Fighter jets roared through the skies over downtown Pyongyang as the world watched to see whether North Korea would defy international warnings and launch a long-range rocket over the Yellow Sea.

The five-day window for the launch of a rocket carrying an observation satellite opened yesterday as North Koreans woke to details about developments at a Workers' Party conference where leader Kim Jong Un ascended to top posts and brought with him a new generation of officials.

His father, Kim Jong Il, was granted the posthumous title of "eternal general secretary" at the special one-day party conference. The immortalisation of the late leader provided a glimpse into how North Korea will handle the nation's second hereditary succession and indicates he will be honoured in much the same way as his father, Kim Il Sung, was made "eternal president" after his 1994 death.

Footage on state TV showed Kim Jong Un seated at the front of the conference with white statues of his grandfather and a new statue of his father in his trademark khaki work ensemble, one arm on his hip. On Mansu Hill, once the domain of a huge bronze statue of Kim Il Sung, a second covered statue awaits its unveiling.

There was no word on the timing of the controversial rocket launch, which the North has said will take place some time between yesterday and Monday.

In 2009, a similar launch from an east coast site took place on the second day of a five-day window.

The United States, Japan, Britain and others say the launch would constitute a provocation and would violate UN Security Council resolutions banning North Korea from developing its nuclear and missile programmes.

Experts say the Unha-3 carrier is similar to the type of rocket that could be used to fire a missile mounted with a nuclear warhead to strike the US or other targets.

The launch and Kim's formal ascension to top posts comes during a week of events leading up to celebrations on Sunday marking the 100th anniversary of the birth of Kim Il Sung.

The centennial is a major milestone in the nation Kim founded in 1948, and the streets of the capital, Pyongyang, were awash with new posters, banners and the national flag. The streets were busy with women clad in traditional Korean dresses and children waving red flags.

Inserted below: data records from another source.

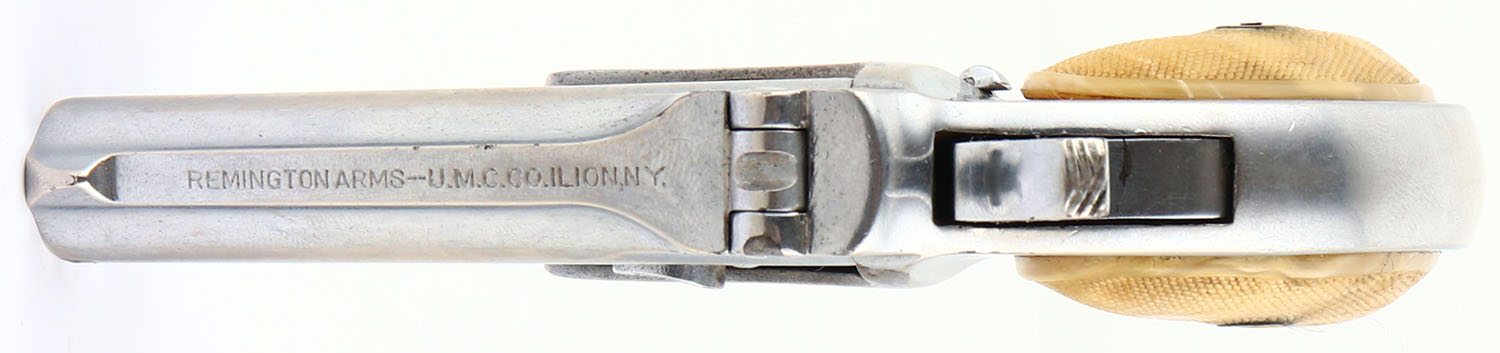 Remington Arms - UMC Co., Model 95 - Double Derringer, CAL: 41 RF, MFG: 1924, SN: L94447, Single Action O/U Pistol, 3'' barrels. The top barrel rib is marked ''REMINGTON ARMS -- UMC CO ILION, N.Y.''. The SN & barrel date code can be seen on the bottom/side of barrel & matching SN is under the left grip. The replacement checkered plastic grips are very good. They fit small to the frame, with noticeable gaps on all sides & there are a couple areas of worn checkering. The restored nickel finish is very good. There is some flaking to edges & visible cleaned pitting under the nickel. Bores are fair, with roughness & pitting amongst thin rifling. Fixed rear sight & blade front sight. FFL or C&R Req. - Value: 250 to 450
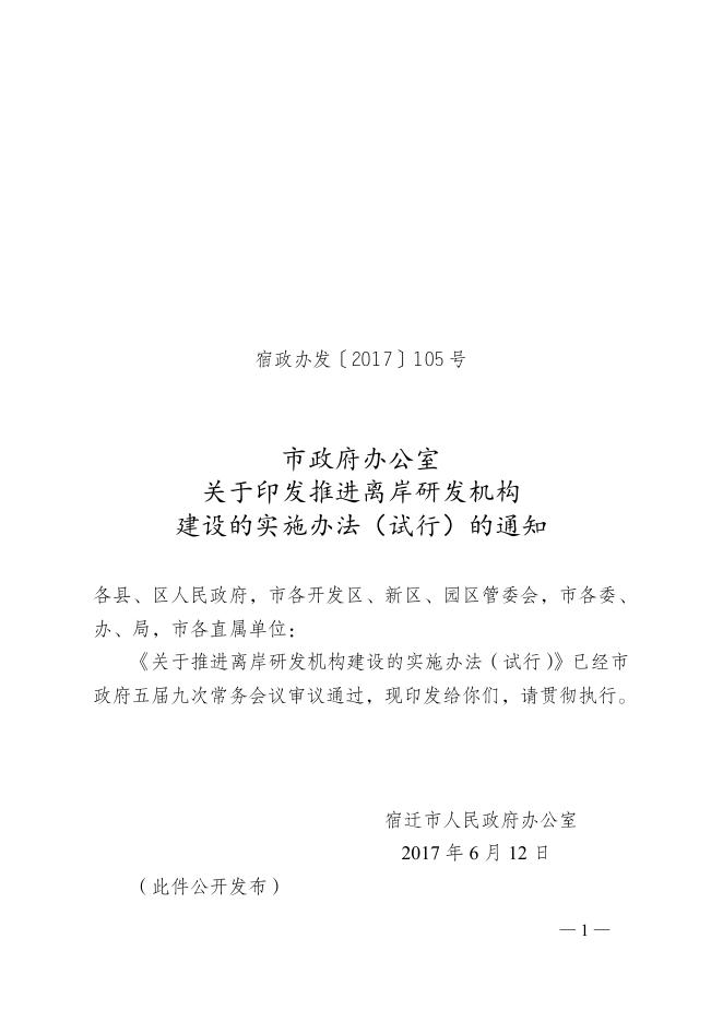 市政府办公室关于印发推进离岸研发机构建设的实施办法(试行)的通知.docx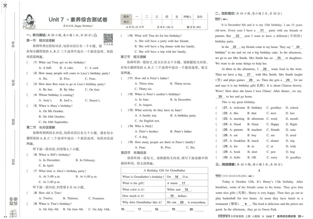 新教材人教版七年级上册英语Unit7测试卷四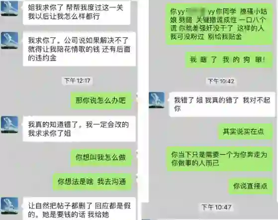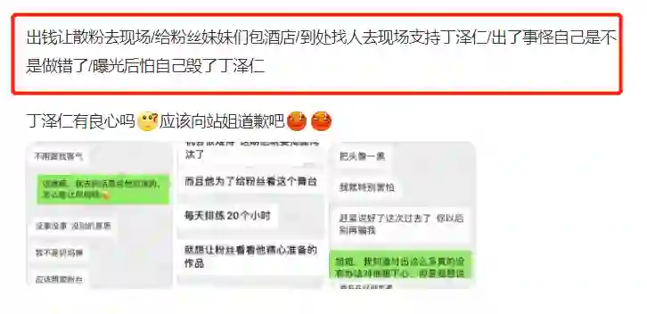国内的爱豆特别是糊豆们,则往往打感情牌,靠卖惨吊住站姐,比如丁泽仁和“他唯一的姐”。A子就听说过,有站姐与爱豆交换联系方式后,小糊豆一会说姐姐我想去学跳舞,但公司不同意;一会说在内娱做爱豆死路一条,想去上培训班提升演技。但终极目的就是一个——要钱。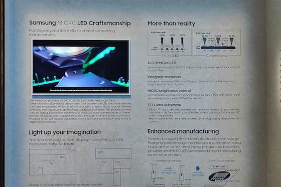Questa estrema miniaturizzazione porta ad ottenere pixel composti quasi interamente (ben oltre il 90%) da una superficie nera. Per dare l’idea delle grandezze di cui si parla, Samsung ha mostrato a porte chiuse una fialetta con una manciata (pochi millimetri) di quella che sembrava sabbia, ma che in realtà erano gli oltre 24 milioni di MicroLED necessari per realizzare un TV Ultra HD. La seconda innovazione introdotta da Samsung consiste nel modo in cui i moduli si connettono tra loro. Per poter assemblare un televisore partendo da una struttura modulare è necessario che i moduli non abbiano una cornice, altrimenti l’immagine risultante verrebbe interrotta dalla cornice stessa presente tra un modulo e l’altro. Serve però un modo per portare il segnale su tutto lo schermo ed ecco la soluzione: inserire piste che corrono lungo il bordo dei moduli. Questi contatti distribuiscono il segnale tra tutti i moduli contigui e consentono di eliminare la cornice.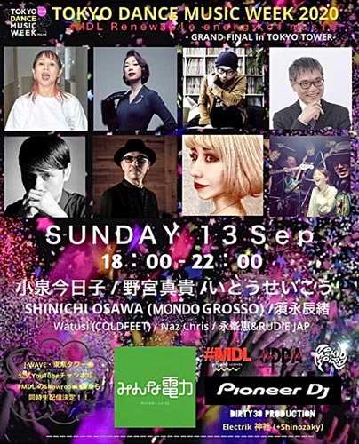 Tokyo Dance Music Week is held annually in the week of September 9. This year it began on Monday, Sept. 7. The finale, titled “#MDL Renewable energy of music,” will be held Sunday, September 13 from 6 p.m. to 10 p.m. Japan time, starting with a group discussion.

The Taedong River flyover of fighter jets was practice for a military parade, officials said. North Korea's army celebrates its 80th anniversary later this month.

The expected satellite launch is one of the marquee events this week. North Korean space officials call the launch of the Unha-3 rocket, mounted with an earth observation satellite, a "gift" to Kim Il Sung. They said on Wednesday that the final step of injecting fuel into the three-stage rocket was under way in the coastal hamlet of Tongchang-Ri.

"We are injecting fuel as we speak," Paek Chang Ho, chief of the space committee's General Command Centre, told reporters given a chance to visit the control centre outside Pyongyang.

He said the rocket would be ready for liftoff as soon as engineers were given the green light. North Korea has informed international aviation, maritime and telecommunications authorities that the launch will take place between yesterday and Monday.

Because liquid rocket fuel is highly volatile and corrosive, its injection into the rocket is usually one of the final steps in the pre-launch process, experts say. But the weather, and particularly the wind, could force delays.

An analysis of recent satellite images shows preparations appear complete, according to the US-Korea Institute at Johns Hopkins School of Advanced International Studies.

Images taken by a commercial satellite earlier in the week revealed increased activity at an instrumentation site that will track and collect data from the rocket to be passed to the launch control centre.

A mobile radar tracking antenna was also removed from its stowed position, indicating it had been checked out for operations. The analysis for the institute's website, 38 North, also says a mobile optical system appears to have been set up to track the rocket's flight.

The planned launch was a focus of discussions among foreign ministers from the Group of Eight leading industrialised democracies.

"I think we all share a strong interest in stability on the Korean peninsula, and we will be discussing how best to achieve that as well," US Secretary of State Hillary Clinton told her colleagues in Washington.

Paek denied that the launch was anything but a peaceful civilian bid to send a satellite into space.